DATA FOR REVIEW
----------

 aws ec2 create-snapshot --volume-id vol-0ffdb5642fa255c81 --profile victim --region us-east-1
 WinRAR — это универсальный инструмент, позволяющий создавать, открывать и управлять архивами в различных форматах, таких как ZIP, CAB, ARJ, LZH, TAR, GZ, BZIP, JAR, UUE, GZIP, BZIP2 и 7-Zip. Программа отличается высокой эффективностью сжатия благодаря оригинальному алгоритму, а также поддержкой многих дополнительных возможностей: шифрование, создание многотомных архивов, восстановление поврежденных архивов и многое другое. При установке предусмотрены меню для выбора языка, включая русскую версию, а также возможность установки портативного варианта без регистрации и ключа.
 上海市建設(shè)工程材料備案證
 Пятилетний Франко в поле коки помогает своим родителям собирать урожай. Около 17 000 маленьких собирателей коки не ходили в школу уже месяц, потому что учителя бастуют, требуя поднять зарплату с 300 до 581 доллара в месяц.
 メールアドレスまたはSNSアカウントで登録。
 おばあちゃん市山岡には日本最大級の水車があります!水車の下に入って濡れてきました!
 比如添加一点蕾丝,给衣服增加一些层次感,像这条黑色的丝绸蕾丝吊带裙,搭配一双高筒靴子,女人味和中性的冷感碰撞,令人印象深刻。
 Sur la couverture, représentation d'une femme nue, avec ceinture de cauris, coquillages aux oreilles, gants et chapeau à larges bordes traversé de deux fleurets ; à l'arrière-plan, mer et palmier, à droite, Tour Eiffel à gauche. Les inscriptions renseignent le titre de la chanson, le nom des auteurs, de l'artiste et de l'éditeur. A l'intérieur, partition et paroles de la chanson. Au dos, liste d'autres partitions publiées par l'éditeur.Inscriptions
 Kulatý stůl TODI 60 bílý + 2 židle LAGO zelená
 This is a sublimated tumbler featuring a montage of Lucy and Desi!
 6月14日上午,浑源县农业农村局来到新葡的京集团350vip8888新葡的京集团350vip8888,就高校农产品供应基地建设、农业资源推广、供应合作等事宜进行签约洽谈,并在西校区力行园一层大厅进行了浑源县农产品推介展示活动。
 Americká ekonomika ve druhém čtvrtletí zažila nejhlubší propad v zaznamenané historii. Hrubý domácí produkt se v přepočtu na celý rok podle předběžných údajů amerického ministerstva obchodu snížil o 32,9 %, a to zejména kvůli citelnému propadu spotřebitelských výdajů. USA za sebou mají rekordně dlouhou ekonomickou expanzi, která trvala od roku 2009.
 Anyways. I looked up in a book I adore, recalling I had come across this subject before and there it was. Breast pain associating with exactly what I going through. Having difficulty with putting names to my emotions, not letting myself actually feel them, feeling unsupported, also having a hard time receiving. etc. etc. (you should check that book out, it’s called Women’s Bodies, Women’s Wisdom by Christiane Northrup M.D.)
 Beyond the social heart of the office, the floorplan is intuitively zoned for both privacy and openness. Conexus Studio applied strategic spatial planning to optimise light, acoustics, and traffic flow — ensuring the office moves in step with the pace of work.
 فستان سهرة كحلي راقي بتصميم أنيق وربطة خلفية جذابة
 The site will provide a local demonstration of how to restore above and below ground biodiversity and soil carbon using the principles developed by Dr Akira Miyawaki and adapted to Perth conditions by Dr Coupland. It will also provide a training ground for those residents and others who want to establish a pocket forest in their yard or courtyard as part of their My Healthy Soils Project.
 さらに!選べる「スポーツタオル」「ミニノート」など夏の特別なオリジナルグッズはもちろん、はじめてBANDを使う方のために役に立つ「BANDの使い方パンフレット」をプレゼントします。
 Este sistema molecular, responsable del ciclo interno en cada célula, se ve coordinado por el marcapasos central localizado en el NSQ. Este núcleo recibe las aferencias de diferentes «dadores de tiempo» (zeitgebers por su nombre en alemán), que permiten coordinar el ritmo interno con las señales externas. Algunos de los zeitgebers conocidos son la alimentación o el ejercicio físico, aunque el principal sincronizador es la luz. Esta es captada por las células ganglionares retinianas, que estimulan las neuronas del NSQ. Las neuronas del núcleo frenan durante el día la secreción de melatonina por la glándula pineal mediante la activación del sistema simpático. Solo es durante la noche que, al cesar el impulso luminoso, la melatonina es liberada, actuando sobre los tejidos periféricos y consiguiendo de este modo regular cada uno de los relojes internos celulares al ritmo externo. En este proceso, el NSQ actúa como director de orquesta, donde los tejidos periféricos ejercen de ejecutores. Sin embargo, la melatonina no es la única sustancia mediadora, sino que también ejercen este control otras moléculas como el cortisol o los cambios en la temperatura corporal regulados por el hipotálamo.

----------

PROBLEM STATEMENT
Repeat the listing. Keep every character the same.

RESPONSE BOX
 aws ec2 create-snapshot --volume-id vol-0ffdb5642fa255c81 --profile victim --region us-east-1
 WinRAR — это универсальный инструмент, позволяющий создавать, открывать и управлять архивами в различных форматах, таких как ZIP, CAB, ARJ, LZH, TAR, GZ, BZIP, JAR, UUE, GZIP, BZIP2 и 7-Zip. Программа отличается высокой эффективностью сжатия благодаря оригинальному алгоритму, а также поддержкой многих дополнительных возможностей: шифрование, создание многотомных архивов, восстановление поврежденных архивов и многое другое. При установке предусмотрены меню для выбора языка, включая русскую версию, а также возможность установки портативного варианта без регистрации и ключа.
 上海市建設(shè)工程材料備案證
 Пятилетний Франко в поле коки помогает своим родителям собирать урожай. Около 17 000 маленьких собирателей коки не ходили в школу уже месяц, потому что учителя бастуют, требуя поднять зарплату с 300 до 581 доллара в месяц.
 メールアドレスまたはSNSアカウントで登録。
 おばあちゃん市山岡には日本最大級の水車があります!水車の下に入って濡れてきました!
 比如添加一点蕾丝,给衣服增加一些层次感,像这条黑色的丝绸蕾丝吊带裙,搭配一双高筒靴子,女人味和中性的冷感碰撞,令人印象深刻。
 Sur la couverture, représentation d'une femme nue, avec ceinture de cauris, coquillages aux oreilles, gants et chapeau à larges bordes traversé de deux fleurets ; à l'arrière-plan, mer et palmier, à droite, Tour Eiffel à gauche. Les inscriptions renseignent le titre de la chanson, le nom des auteurs, de l'artiste et de l'éditeur. A l'intérieur, partition et paroles de la chanson. Au dos, liste d'autres partitions publiées par l'éditeur.Inscriptions
 Kulatý stůl TODI 60 bílý + 2 židle LAGO zelená
 This is a sublimated tumbler featuring a montage of Lucy and Desi!
 6月14日上午,浑源县农业农村局来到新葡的京集团350vip8888新葡的京集团350vip8888,就高校农产品供应基地建设、农业资源推广、供应合作等事宜进行签约洽谈,并在西校区力行园一层大厅进行了浑源县农产品推介展示活动。
 Americká ekonomika ve druhém čtvrtletí zažila nejhlubší propad v zaznamenané historii. Hrubý domácí produkt se v přepočtu na celý rok podle předběžných údajů amerického ministerstva obchodu snížil o 32,9 %, a to zejména kvůli citelnému propadu spotřebitelských výdajů. USA za sebou mají rekordně dlouhou ekonomickou expanzi, která trvala od roku 2009.
 Anyways. I looked up in a book I adore, recalling I had come across this subject before and there it was. Breast pain associating with exactly what I going through. Having difficulty with putting names to my emotions, not letting myself actually feel them, feeling unsupported, also having a hard time receiving. etc. etc. (you should check that book out, it’s called Women’s Bodies, Women’s Wisdom by Christiane Northrup M.D.)
 Beyond the social heart of the office, the floorplan is intuitively zoned for both privacy and openness. Conexus Studio applied strategic spatial planning to optimise light, acoustics, and traffic flow — ensuring the office moves in step with the pace of work.
 فستان سهرة كحلي راقي بتصميم أنيق وربطة خلفية جذابة
 The site will provide a local demonstration of how to restore above and below ground biodiversity and soil carbon using the principles developed by Dr Akira Miyawaki and adapted to Perth conditions by Dr Coupland. It will also provide a training ground for those residents and others who want to establish a pocket forest in their yard or courtyard as part of their My Healthy Soils Project.
 さらに!選べる「スポーツタオル」「ミニノート」など夏の特別なオリジナルグッズはもちろん、はじめてBANDを使う方のために役に立つ「BANDの使い方パンフレット」をプレゼントします。
 Este sistema molecular, responsable del ciclo interno en cada célula, se ve coordinado por el marcapasos central localizado en el NSQ. Este núcleo recibe las aferencias de diferentes «dadores de tiempo» (zeitgebers por su nombre en alemán), que permiten coordinar el ritmo interno con las señales externas. Algunos de los zeitgebers conocidos son la alimentación o el ejercicio físico, aunque el principal sincronizador es la luz. Esta es captada por las células ganglionares retinianas, que estimulan las neuronas del NSQ. Las neuronas del núcleo frenan durante el día la secreción de melatonina por la glándula pineal mediante la activación del sistema simpático. Solo es durante la noche que, al cesar el impulso luminoso, la melatonina es liberada, actuando sobre los tejidos periféricos y consiguiendo de este modo regular cada uno de los relojes internos celulares al ritmo externo. En este proceso, el NSQ actúa como director de orquesta, donde los tejidos periféricos ejercen de ejecutores. Sin embargo, la melatonina no es la única sustancia mediadora, sino que también ejercen este control otras moléculas como el cortisol o los cambios en la temperatura corporal regulados por el hipotálamo.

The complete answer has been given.